What is expected:
Transcribe exactly, and without pictures, only the lines from the one bearing "4 августа РЕКОМЕНДАЦИИ: 🧹" through the final line of the data below.
=======
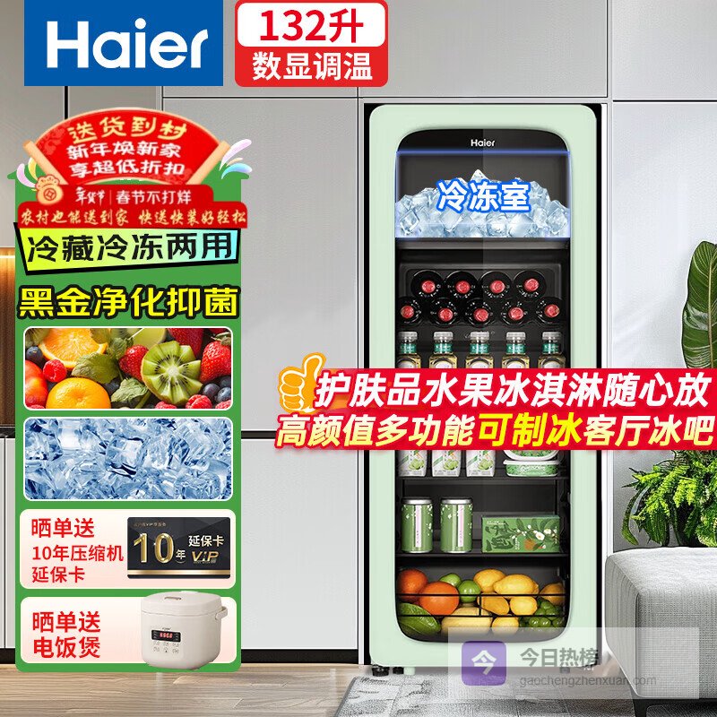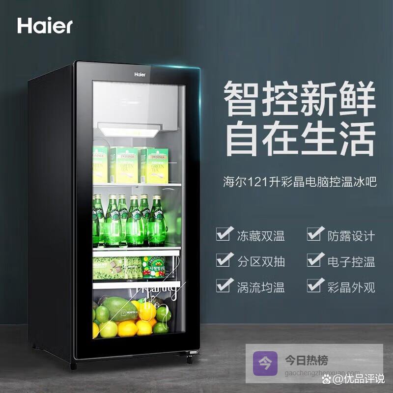 这款海尔冰吧,冷藏冷冻双区都有,而且温度都能单独调节,想怎么存就怎么存,夏天冰镇饮料,冬天存点冰淇淋,都安排得明明白白。
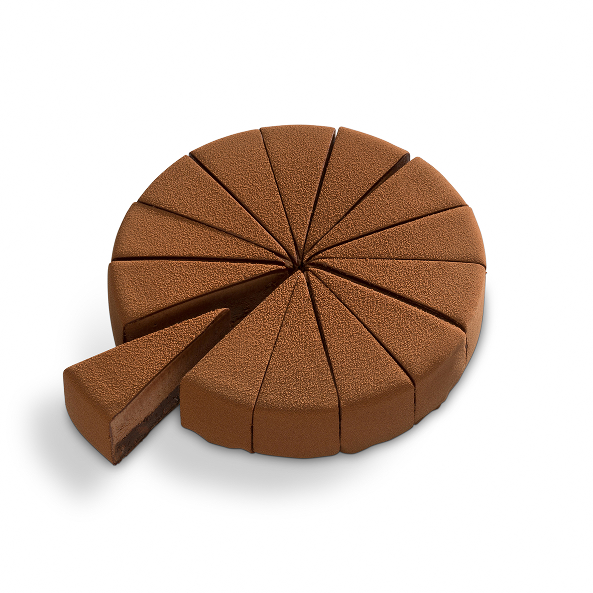 Gemaakt van malse brownie met pure chocolade, gevuld met een luchtige chocolademousse. Het geheel is overgoten met chocolade ganache en fluweel afgespoten met cacao.
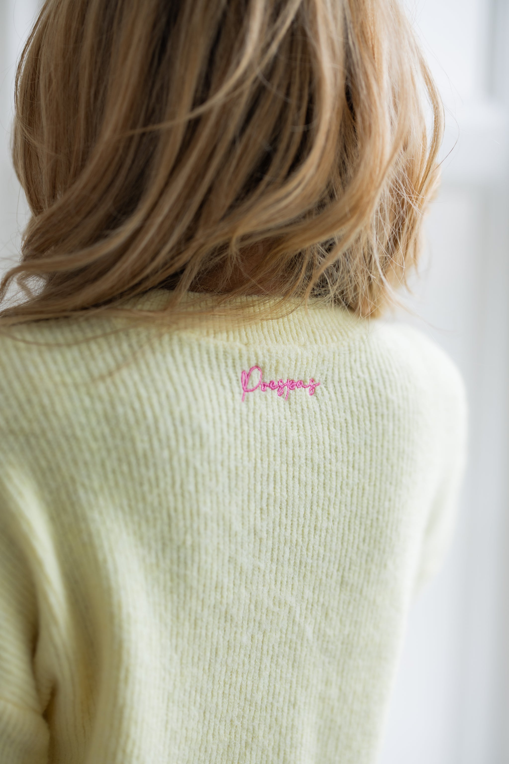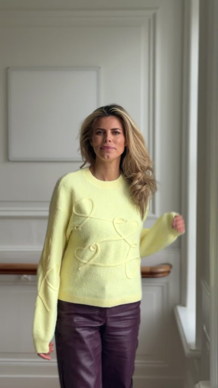 Lichtgele sweater met hartjes
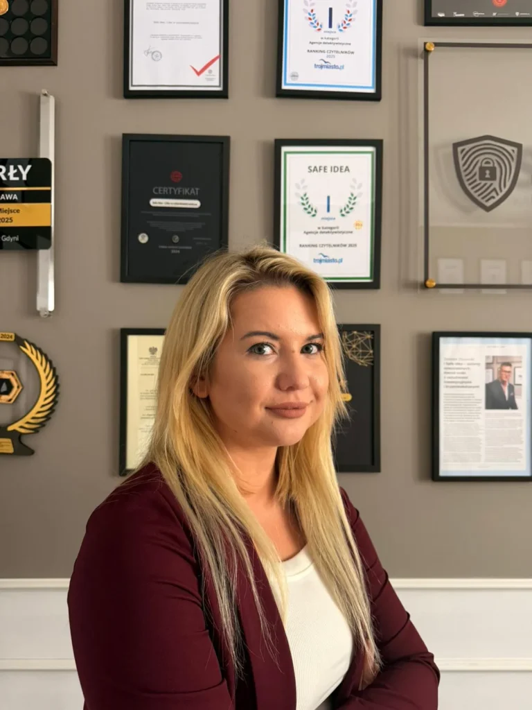 W strukturach Safe Idea odpowiada za sprawną obsługę administracyjną, koordynację kontaktów z działem prawnym oraz organizację procesów związanych z realizacją i obsługą raportów detektywistycznych. Dodatkowo pełni funkcję asystentki Prezesa Zarządu, Damiana Dejewskiego, wspierając go w działaniach organizacyjnych i komunikacyjnych.
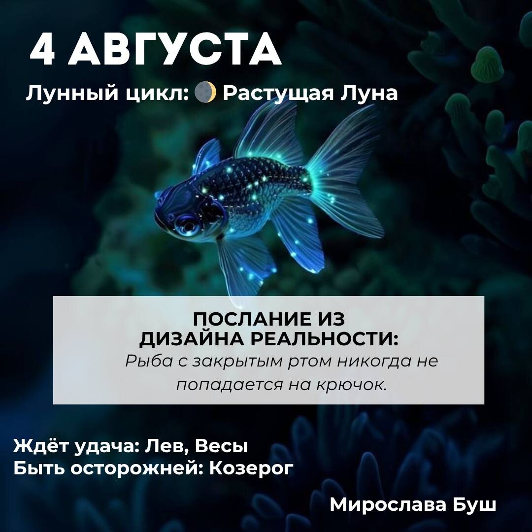 4 августа РЕКОМЕНДАЦИИ: 🧹 День требует легкости — и физической, и ментальной. Чем меньше хлама под ногами, тем быстрее приходит ясность в голову. Пропылесосьте даже там, где обычно «и так сойдет». 👗 Наденьте что-нибудь яркое — или хотя бы вытащите с полки любимую вещь. Луна в Стрельце любит, когда мы выражаем себя смело. Даже если это просто зеленые серьги в понедельник. ✉️ Подписаться на Мирославу #прогнознадень
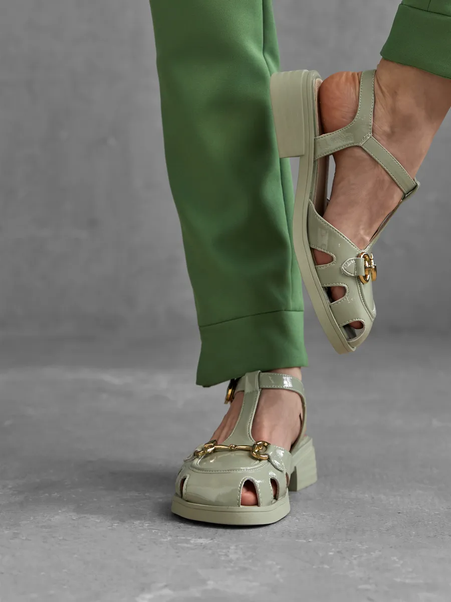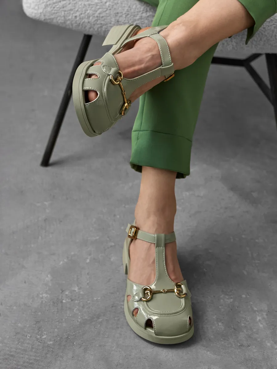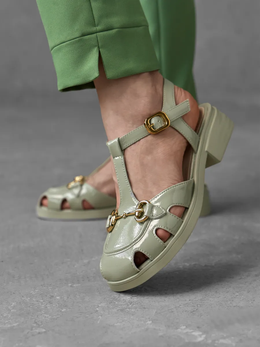 Благодаря сочетанию модного дизайна, лаковой фактуры, и закрытого мыска, босоножки смотрятся особенно эффектно в нарядных и праздничных образах. Они подойдут как под лёгкое летнее платье, так и под более классический наряд. Это идеальный выбор для женщин, которые следят за модой, любят красивую, нарядную и практичную обувь.
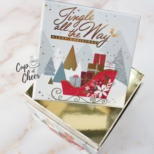 A beautiful decorative Christmas gift box that features a sleigh full of presents and the words "Jingle All the Way" and "Merry Christmas" boxes. The inside is a beautiful gold foil. Perfect for gifting jewelery and other smaller gifts 🎁
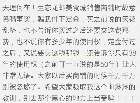 我也跟你一样,我前几天也被生态龙虾美食城的销售员给忽悠了,确实不应该相信他们那张嘴。买之前说的天花乱坠,也不告诉你买过之后还要交这费那费,也不说你有多少年的使用权,定金付过之后,又说要交这钱那费钱,还告诉你只有38年的使用权(之前可一直说的是50年)让人非常无语。大家以后买商铺的时候千万千万别被忽悠了。
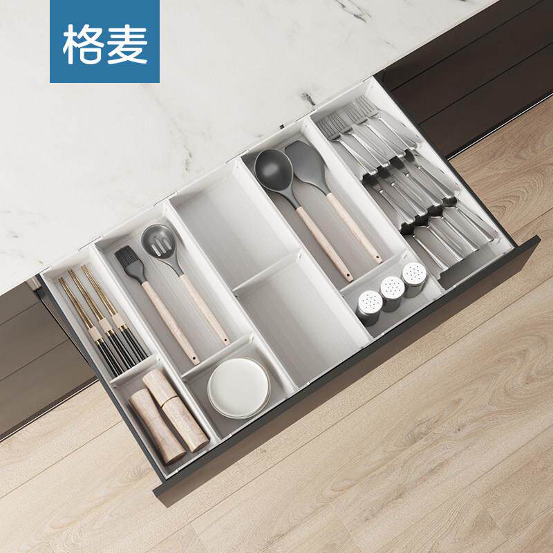📚 抽屉分隔刀叉收纳盒 免打孔铝质餐具架 自由组合厨房置物架 欧式
=======
Expected output:
 4 августа РЕКОМЕНДАЦИИ: 🧹 День требует легкости — и физической, и ментальной. Чем меньше хлама под ногами, тем быстрее приходит ясность в голову. Пропылесосьте даже там, где обычно «и так сойдет». 👗 Наденьте что-нибудь яркое — или хотя бы вытащите с полки любимую вещь. Луна в Стрельце любит, когда мы выражаем себя смело. Даже если это просто зеленые серьги в понедельник. ✉️ Подписаться на Мирославу #прогнознадень
 Благодаря сочетанию модного дизайна, лаковой фактуры, и закрытого мыска, босоножки смотрятся особенно эффектно в нарядных и праздничных образах. Они подойдут как под лёгкое летнее платье, так и под более классический наряд. Это идеальный выбор для женщин, которые следят за модой, любят красивую, нарядную и практичную обувь.
 A beautiful decorative Christmas gift box that features a sleigh full of presents and the words "Jingle All the Way" and "Merry Christmas" boxes. The inside is a beautiful gold foil. Perfect for gifting jewelery and other smaller gifts 🎁
 我也跟你一样,我前几天也被生态龙虾美食城的销售员给忽悠了,确实不应该相信他们那张嘴。买之前说的天花乱坠,也不告诉你买过之后还要交这费那费,也不说你有多少年的使用权,定金付过之后,又说要交这钱那费钱,还告诉你只有38年的使用权(之前可一直说的是50年)让人非常无语。大家以后买商铺的时候千万千万别被忽悠了。
📚 抽屉分隔刀叉收纳盒 免打孔铝质餐具架 自由组合厨房置物架 欧式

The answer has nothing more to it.